- [TASK STATEMENT]: Within the material below, transcribe exactly the lines from the one holding "Life is a Circus" through the one holding "Supplies Stamps: (Stampin'", keeping both ends and skipping the rest.

DATA RECORDS below:

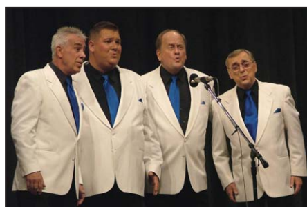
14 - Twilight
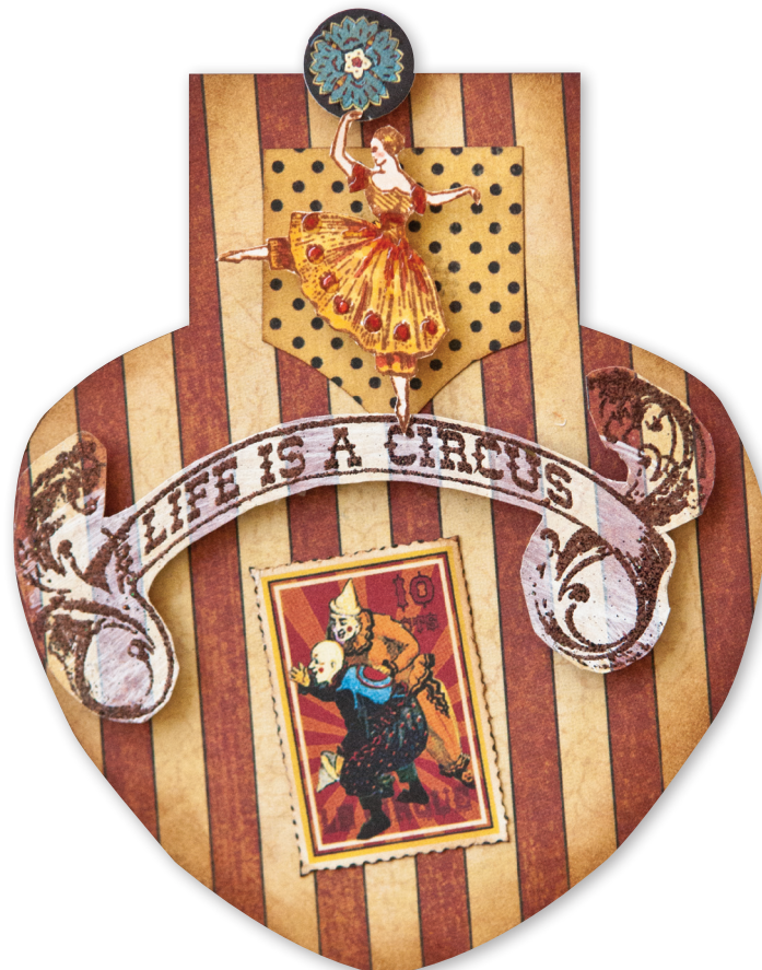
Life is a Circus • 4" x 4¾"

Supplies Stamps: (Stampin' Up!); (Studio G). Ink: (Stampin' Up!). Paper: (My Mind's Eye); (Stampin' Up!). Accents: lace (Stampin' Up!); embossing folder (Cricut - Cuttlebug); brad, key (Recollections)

End of DATA RECORDS.
DATA RECORDS below:

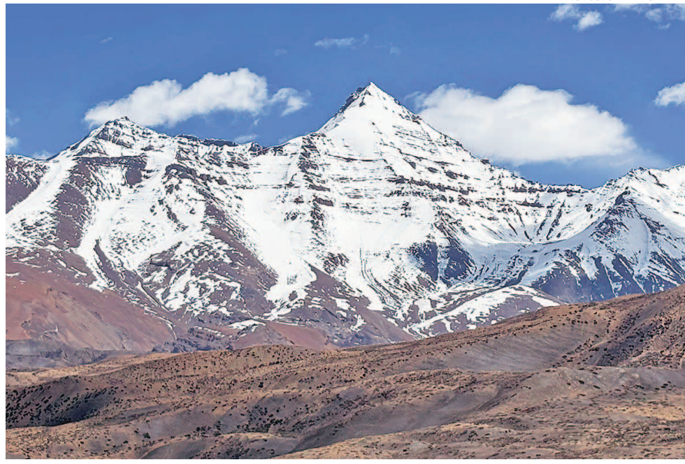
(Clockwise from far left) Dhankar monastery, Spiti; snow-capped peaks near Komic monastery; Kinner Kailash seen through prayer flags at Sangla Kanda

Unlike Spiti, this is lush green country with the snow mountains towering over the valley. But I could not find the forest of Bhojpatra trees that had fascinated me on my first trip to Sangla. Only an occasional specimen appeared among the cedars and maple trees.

End of DATA RECORDS.

- [RESPONSE TO THE EXERCISE]:
Life is a Circus • 4" x 4¾"

Supplies Stamps: (Stampin' Up!); (Studio G). Ink: (Stampin' Up!). Paper: (My Mind's Eye); (Stampin' Up!). Accents: lace (Stampin' Up!); embossing folder (Cricut - Cuttlebug); brad, key (Recollections)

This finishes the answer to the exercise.